In fact, the defense is the unit that looks the most ready for those high-level ACC matchups that lay ahead.

It's hard to believe, but Holliman made his first start of the season at safety, and has become a true playmaker in the secondary, leading the nation with five interceptions.

The Cards also got a career high eight tackles from defensive tackle Sheldon Rankins.

U of L now ranks seventh nationally in total defense -- sixth against the run, 26th against the pass. The Cards are No. 12 in scoring defense, fifth in scoring defense and No. 3 nationally in opponent third-down percentage.

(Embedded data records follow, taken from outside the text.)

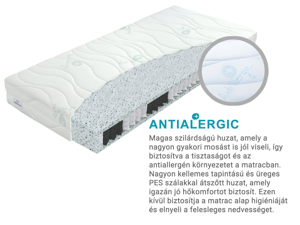 A kétoldalas matrac antiallergén cipzáras huzattal rendelkezik. Ez a huzat tartós, és kitűnően ellenáll a gyakori gépi mosásnak is. Antiallergén és antibakteriális tulajdonságokkal rendelkezik, így allergiások számára is alkalmas. Nagyon kellemes tapintású, és az üreges PES szállal való steppelés jó hőkomfortot biztosít. Emellett biztosítja a matrac alapvető higiéniáját és elnyeli a felesleges nedvességet.
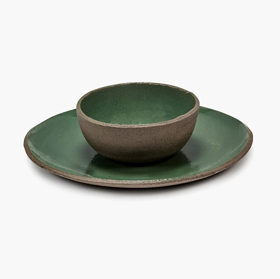 Talerz obiadowy FCK od Serax to propozycja dla miłośników minimalizmu w nowoczesnym wydaniu. Wykonany z kamionki z dodatkiem cementu, zachwyca trwałością i przyjemną w dotyku powierzchnią, wykończoną subtelnym zielonym szkliwem inspirowanym Bauhausem. Każdy egzemplarz jest ręcznie wykańczany, więc drobne nieregularności są naturalnym elementem i podkreślają unikatowy charakter talerza.
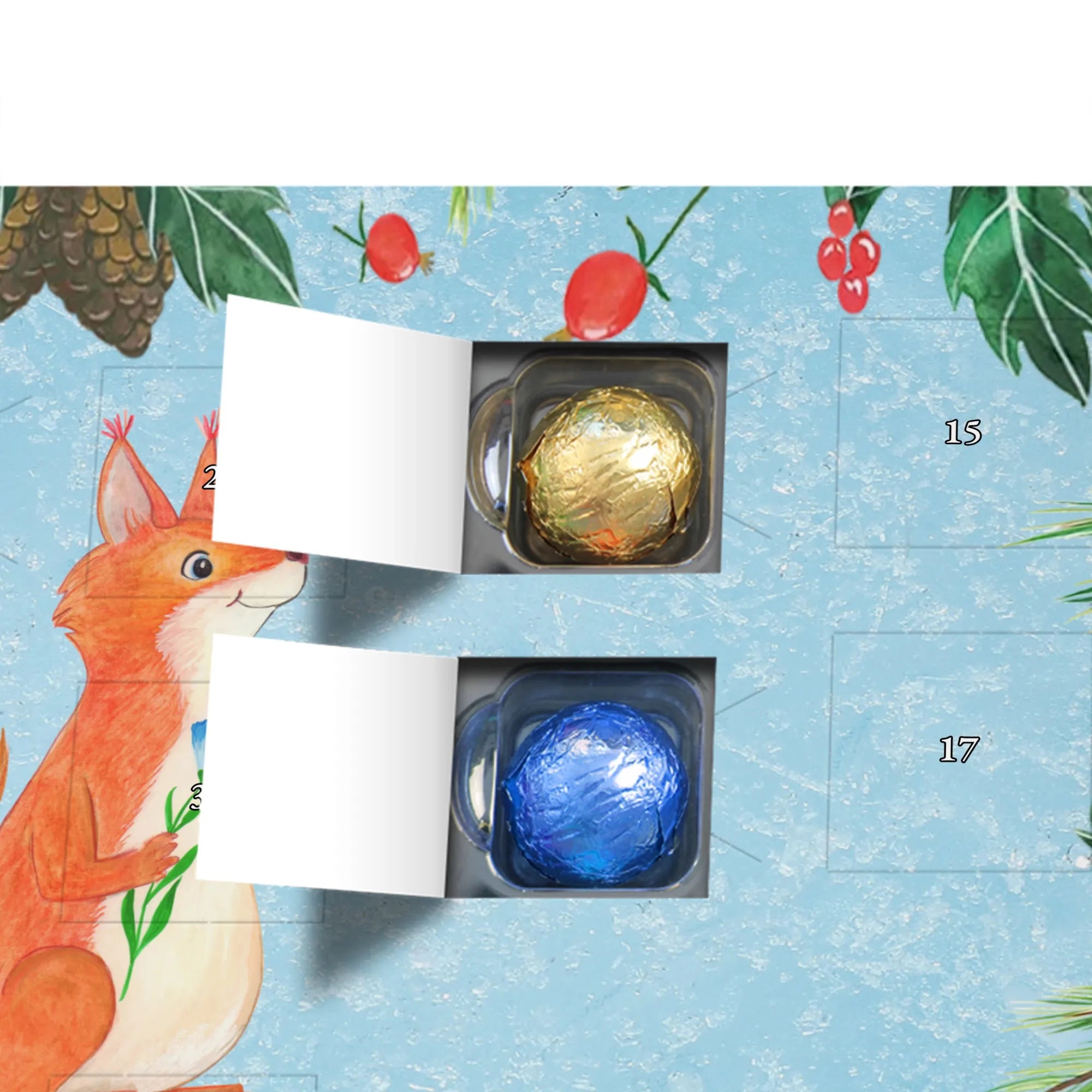 Adventskalender Eichhörnchen Blume - Classic - mit Spruch - Eisblau
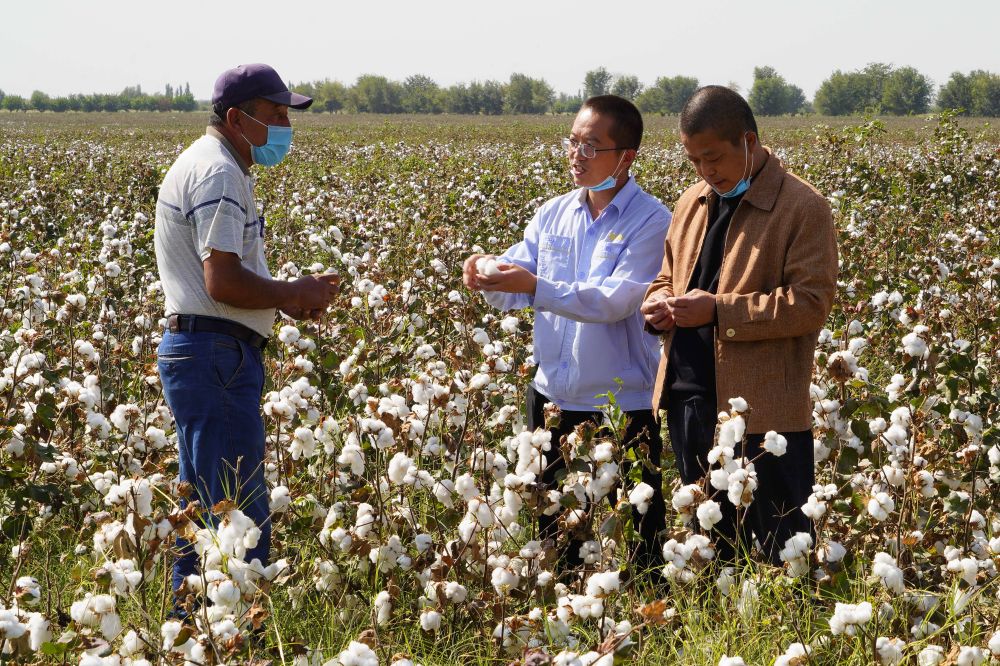 图为2020年9月24日,在乌兹别克斯坦锡尔河州,中国技术专家与棉农交流滴灌种植经验。(新华社发 扎法尔摄)
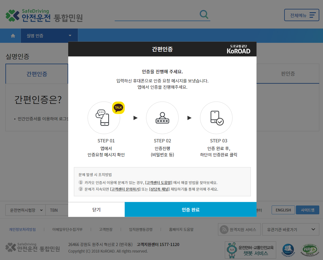 도로교통공단 안전운전 통합민원 사이트에 접속하여 신청합니다.
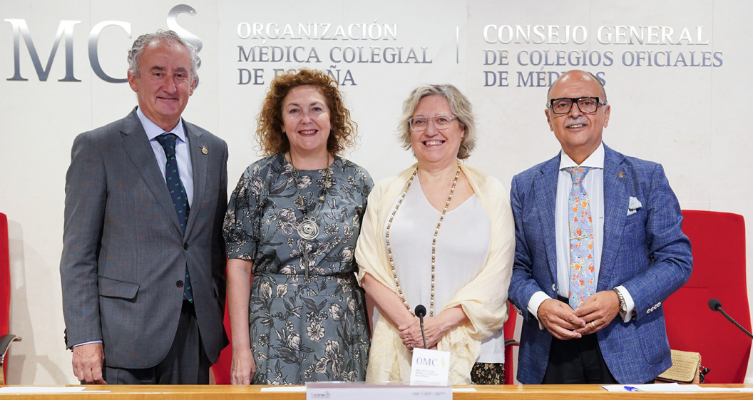 En la rueda de prensa participaron los doctores Tomás Cobo, presidente de la OMC; Cristina Avendaño, presidenta de FACME; Pedro Hidalgo, coordinador del Observatorio de la Prescripción de la OMC; y M.ª Isabel Moya, vicepresidenta primera de la OMC, quienes han explicado las distintas alegaciones presentadas al Ministerio de Sanidad con relación al anteproyecto de ley.
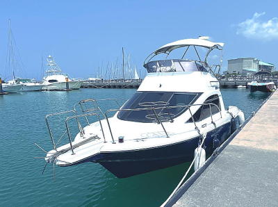 フライングブリッジでありながら25フィートという小型クルーザーなので扱いが簡単で、さらに船外機が2機なので小回りも効きますから、ステップアップの練習にはちょうどよいかと思います。
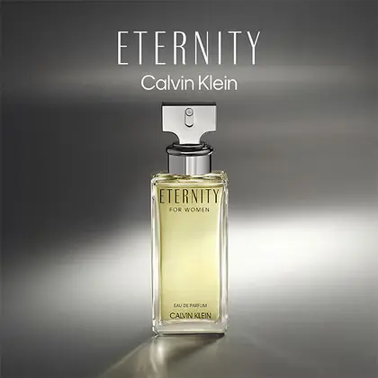 The fragrance opens with a fresh burst of citrus and green notes, leading into a romantic heart of lily, jasmine, and rose. It concludes with gentle woody tones and soft musks for a graceful finish. Presented in a tall glass bottle with a silver cap, Eternity embodies sophistication and lasting beauty.
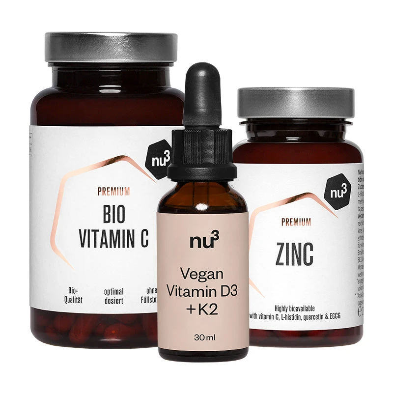 Pack avec zinc, vitamine C bio et gouttes de vitamine D. Les nutriments contribuent au fonctionnement normal du système immunitaire. Achetez maintenant !
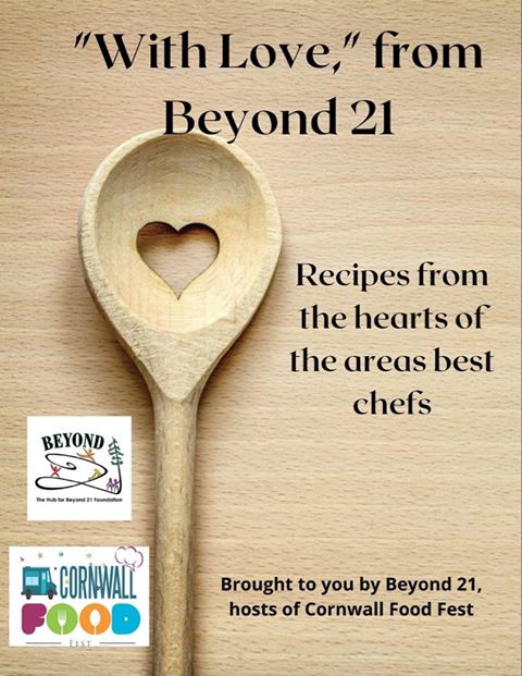 The cookbook will be available online on August 10th.  Check out Beyond 21 or Cornwall Food Fest on Facebook on August 10th to learn how to get your copy for a donation to Beyond 21. Information will also be posted to beyond21.org on the same day. Also keep an eye on our FaceBook page for the 10 day “With Love, Beyond 21” Countdown which starts on August 1.
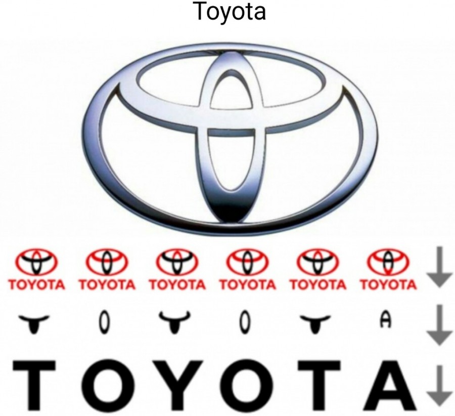 Logotip podjetja Toyota vsebuje tri elipse, ki predstavljajo srce stranke, srce proizvoda in srce tehnološkega razvoja in neomejeno možnosti v prihodonosti. Če dobro pogledate, pa se v logotipu nahajajo vse črke podjetja TOYOTA.
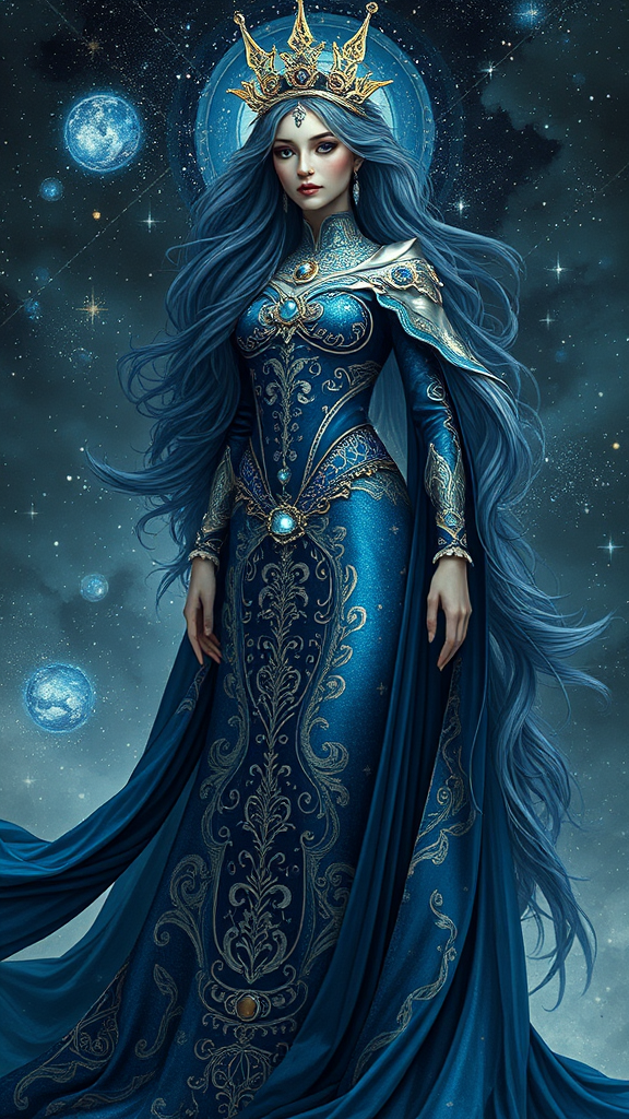 The cosmic princess stands as a vision of splendor, her flowing gown shimmering with celestial hues of midnight blue and silver, adorned with intricate embroidery and embellished with twinkling gemstones. Her long hair cascades like a waterfall of stardust, framing a face that exudes pure beauty and elegance. Created by the masterful hyper-realistic artist, Kazuhiro Tsuji, this artwork blends elements of Renaissance and Art Nouveau styles with painstaking attention to detail, resulting in a stunning masterpiece that leaves the observer breathless.
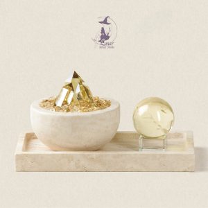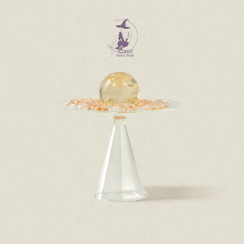 材質: 天然黃冰洲晶主石、能量碎石底座、金屬/木質托盤(請依實際材質填入)
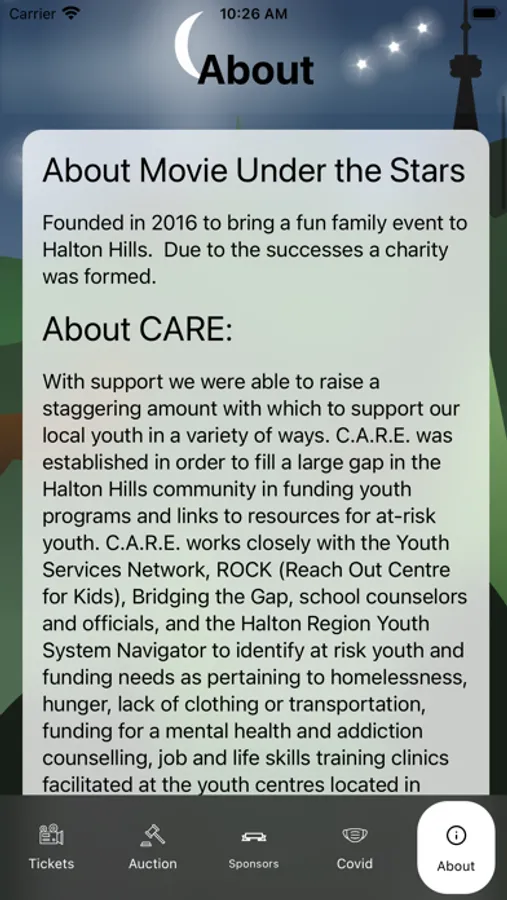 This is the official app of Halton Hill's - Movie Under the Stars. Use this app to get more information about the event and view our amazing Sponsors. There are quick links to the tickets website and information about our Charity.
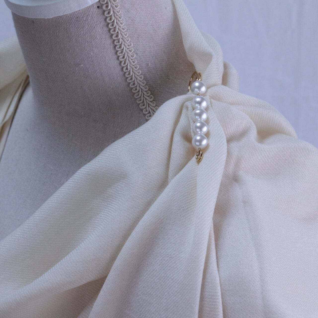 ストールを首に巻き付けて軽く固定したり、着流しのカーディガンのフロントを留める際にも使えます。
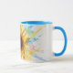 This floral mug features my original photograph of a sunflower. I processed my photograph with a watercolor painterly style and colorful splash for an artsy flair. The handle and inside of the cup are aqua blue to complement the artwork.
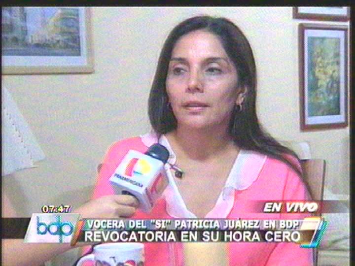 La promotora del Sí, sostuvo que la gestión de Susana Villarán está plagada de errores y nuevamente calificó a la burgomaestre como incapaz. Además, consideró que las acusaciones contra su hija son una infamia. También, aseguró que respetarán los resultados del domingo. Finalmente, reveló que votará por el “No” en el casillero de su esposo y regidor, José Danos.

Maybe it's not a surprise, following a coaching staff who's No. 1 priority was "win with defense," but at this point, Petrino will take it. The defense is achieving with a new cast, and some important holdovers.

Offensively, the Cards are 93rd in rushing offense -- and they've not played powerhouse defenses. They've given up 12 sacks in four games -- only seven teams in the nation have given up more (one of them is FIU, another is Wake Forest, Saturday's opponent).

The Cards are No. 112 in tackles for loss allowed, 28 in four games.

Don't expect Petrino to abandon the running game -- not with the stable of running backs he has. Michael Dyer made his season debut Saturday, carrying eight times for 16 yards, but he left the game with a limp, and afterward Petrino said he still needs some "freshening up," meaning he needs to get his game conditioning back.

In Wake Forest this Saturday and Syracuse the following Friday, the Cards have games they're expected to win. But after the past two performances, against Virginia and FIU, those don't look to be easy wins, by any stretch.

The good news for the Cards is that they still have time to find some answers -- before the big boys start coming up on the schedule in October.